The Tateyama Sabō Erosion Control Works Service Train (立山砂防工事専用軌道, Tateyama Sabō Kōji Sen'yō Kidō), commonly called Tateyama Erosion Control Train (立山砂防軌道, Tateyama Sabō Kidō), is a Japanese, narrow gauge industrial railway line in Tateyama, Toyama. It is operated by the Tateyama Mountain Area Sabō Office, which belongs to the Hokuriku Regional Development Bureau of the Ministry of Land, Infrastructure and Transport.

==Overview==
The line transports materials and workers for the construction/conservation of erosion control facilities of Jōganji River, such as dams. Unlike ordinary railways in Japan, the line is not regulated by the Railway Business Law nor the Tram Law, but by the Industrial Safety and Health Law. It means the line is not a public transportation, but solely a construction facility. However, the line is well known among railfans. This is one of few Japanese railways, or possibly the only surviving one, to use narrow gauge track. Also, it is one of the lines with the largest number of railway zig zags in the world. Because of its historical significance, the line is registered as a Monument of Japan.

==History==

Jōganji River, flowing from the Tateyama Mountains to the Toyama Bay, was known as a river with frequent floods and debris flows. In 1926, the Home Ministry started to construct erosion control facilities for the river, including the railway line. The narrow gauge railway line between Senjugahara and Kanbadaira opened in 1929. A funicular was built between Kanbadaira and Mizutani in 1930, and a railway between Mizutani and Shiroiwa in the next year. The rail system stopped its operation during 1944 and 1948, because of World War II. During that period the funicular section collapsed and an aerial lift for the same section was built in 1951. In 1965, the same section was replaced by a normal railway, with 18 zig zags in a row.

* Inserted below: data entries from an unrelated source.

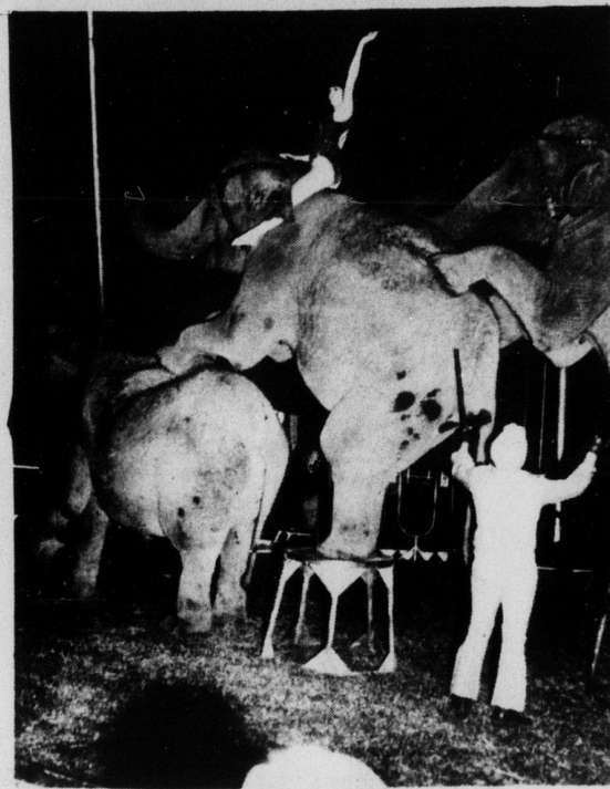
PERFORMING ELEPHANTS — Huge performing elephants are part of the exciting performances of Hoxie's Great American Circus coming to Kings Mountain Oct. 12th for two performances under sponsorship of KM Optimists for youth projects.

their fund raising to a menagerie has two greater extent. The educational One is Go-Go — the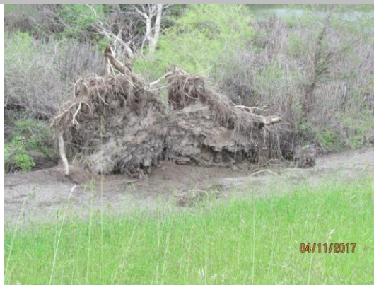
View of the erosion along the waterside toe caused by a tree that fell into the water.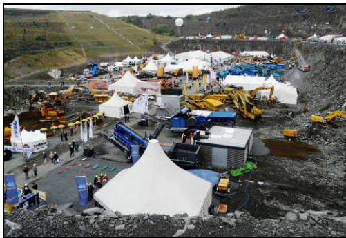
Steinexpo exhibition area Plenty of space and a genuine environment offered the quarry Nieder-Ofleiden in the centre of Germany.

Partner regions of steinexpo 2008 were Central and East Europe. UEPG welcomes this focus as its membership includes Czech Republic, Poland, Romania, Slovakia and Turkey and is striving for expansion to Baltic States, Bulgaria, Hungary and Ukraine in particular.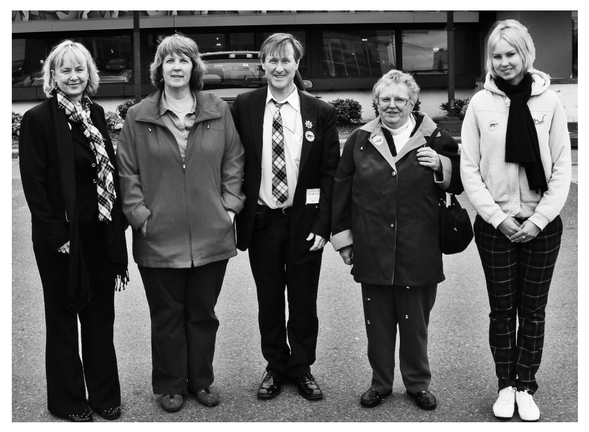
CMSC Newsletter # 52, Page 22

Our contingent from Canada is very excited about our meetings at Dunvegan for Parliament 2010 in Scotland. \Delta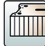
Sand lime brick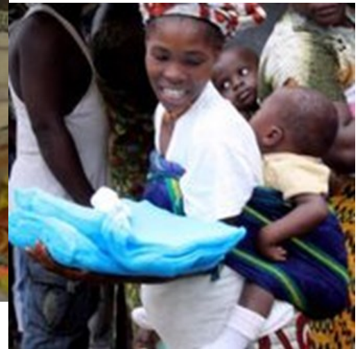
World Malaria Day April 25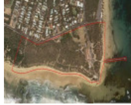
aerial view extent of registration.jpg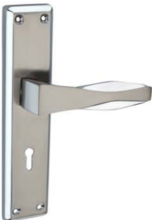
MS3009 Finish : SS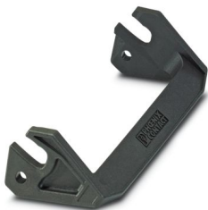
Single locking latch for B24 housing, HC-EVO....AL and HC-STA....AL

Please be informed that the data shown in this PDF document is generated from our online catalog. Please find the complete data in the user documentation. Our general terms of use for downloads are valid.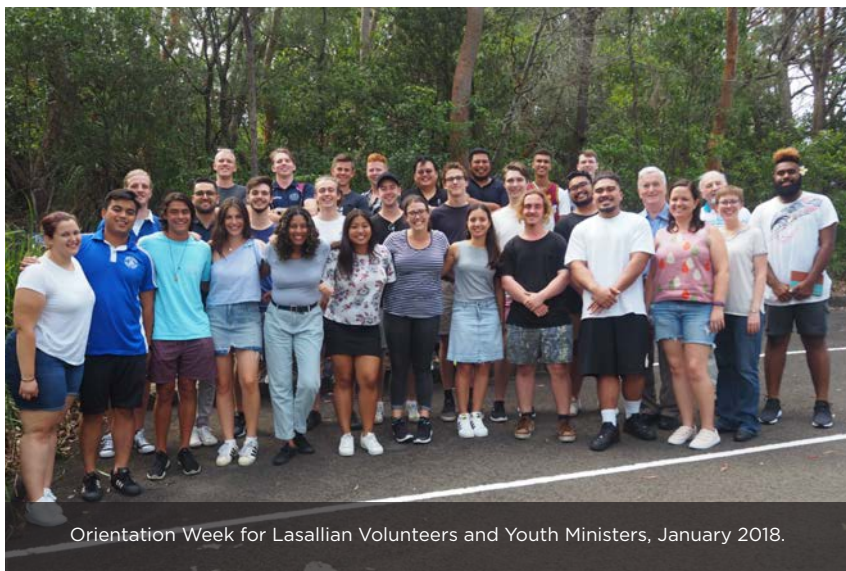
Orientation Week for Lasallian Volunteers and Youth Ministers, January 2018.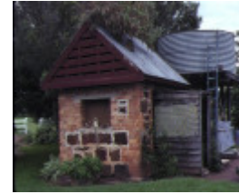
fulham balmoral horsham rd kanagulk meat house nov1980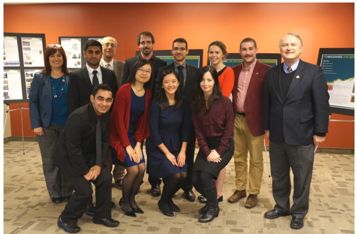
SURP 824: Land Use and Real Estate Project Course team: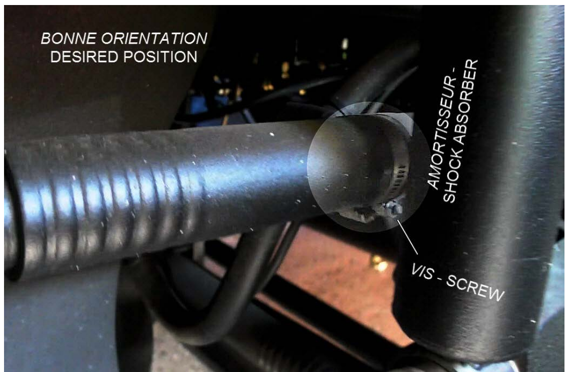
Figure 2: DESIRED ORIENTATION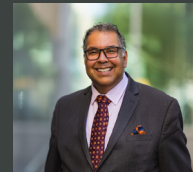
Naheed Nenshi Leader of Alberta's New Democrats

During his three terms as mayor between 2010-2021, Calgary was named the third best city to live in globally. His leadership in Calgary saw an unprecedented investment in quality of life including transit, roads, recreation centers and libraries. He also saw the City of Calgary through four states of emergency, including devastating floods in 2013 and the COVID-19 pandemic and was named the best mayor in the world in 2014.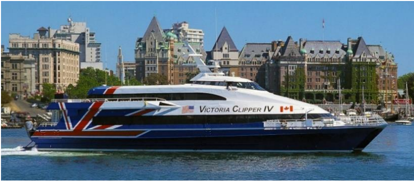
Victoria Clipper arriving in Victoria, BC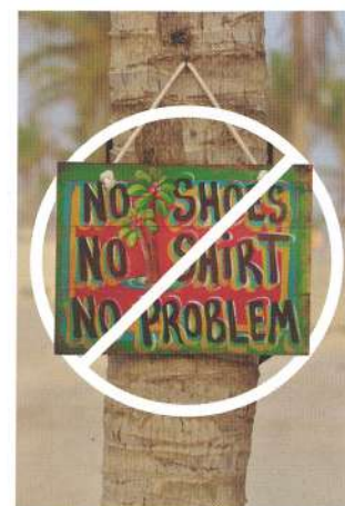
BERMUDA TOURISM (2); IMAGEBROKER/ALAMY STOCK PHOTO; ALEXANDRA MOSHER STUDIO JEWELLERY

DON'T FORGET: Bermuda is located in the Atlantic Ocean about 650 miles due east of Cape Hatteras, North Carolina. Simply put, it's nowhere near the Caribbean, which means "No Shoes, No Shirt, No Problem," does not apply. Unless you're at the beach or pool, make sure you're wearing a shirt or cover-up to avoid stares from locals.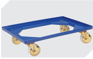
Transport dollies polypropylene wheels L 620 x W 420 mm 43-1491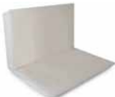
Folds easily – even upholstered.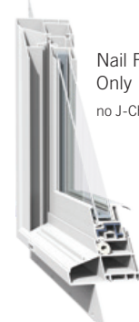
Nail Fin Only no J-Channel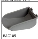
BAC105 Storage bin, 8mm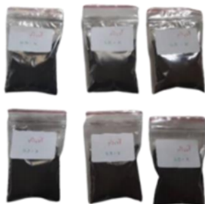
Figure 2. Fe 3 O 4 Powder from Ijobalit Beach.

Data in table 1 shows that from 50.00 grams of natural iron sand Ijobalit beach and Telindung Beach contain magnetic minerals of 46.78 grams or 93.56 % and 43.50 grams or 87.00 % respectively. Meanwhile, on Cemara Beach a natural iron sand sample of 274.62 grams obtained magnetic minerals of 200.46 grams or 72.99 %. The percentage of the data indicates the number of magnetic minerals on natural sand on the beach located on the island of Lombok. The high percentage produced indicates that in natural sand there is a magnetic mineral characterized by black sand and attached to a permanent magnet when defeated (Susilawati et al, 2022). This shows that the more magnetic minerals from natural sand attached to a permanent magnet, the more magnetic minerals are contained (Hambali et al, 2021).

The whole route between Senjugahara and Shiroishi became a single railway line. The section between Mizutani and Shiroishi was later abandoned, and the line now operates between Senjugahara and Mizutani. During 1998 and 2007, the line was renovated with newer routes (tunnels), reducing railway zig zags.

==Basic data==
- Distance: 18 km
- Rails: 15 kg/m
- Maximum speed: 18 km/h (uphill), 15 km/h (downhill)
- Vertical interval: 640 m
- Liaison offices: 6
- Double-track line: None
- Electric supply: Not electrified
- Average gradient: 3.5 %
- Maximum gradient: 5.0 %
- Tunnels: 12
- Bridges: 20
- Railway zig zags: 38, concentrated in 8 places
  - Until 2005, there were 42 railway zig zags concentrated in 9 places.

==Liaison offices==

- Senjugahara (千寿ヶ原): Near Tateyama Station of Toyama Chihō Railway Tateyama Line and Tateyama Cable Car. Altitude 475 m.
- Nakagoya (中小屋)
- Kuwadani (桑谷)
- Onigajō (鬼ヶ城)
- Kanbadaira (樺平)
- Mizutani (水谷): Altitude 1117 m.

==Rolling stock==

- Diesel locomotives: 9
- Work trains: 4
- Passenger cars: 16
- Freight cars: 104

==Services==

Normally, a diesel locomotive tows 3 cars. The service is fairly frequent. The whole uphill trip takes 1 hour and 45 minutes. Since the area has heavy snowfalls in winter, the line closes from mid-November till June. In winter, some bridges and fences are removed to prevent their destruction by snow.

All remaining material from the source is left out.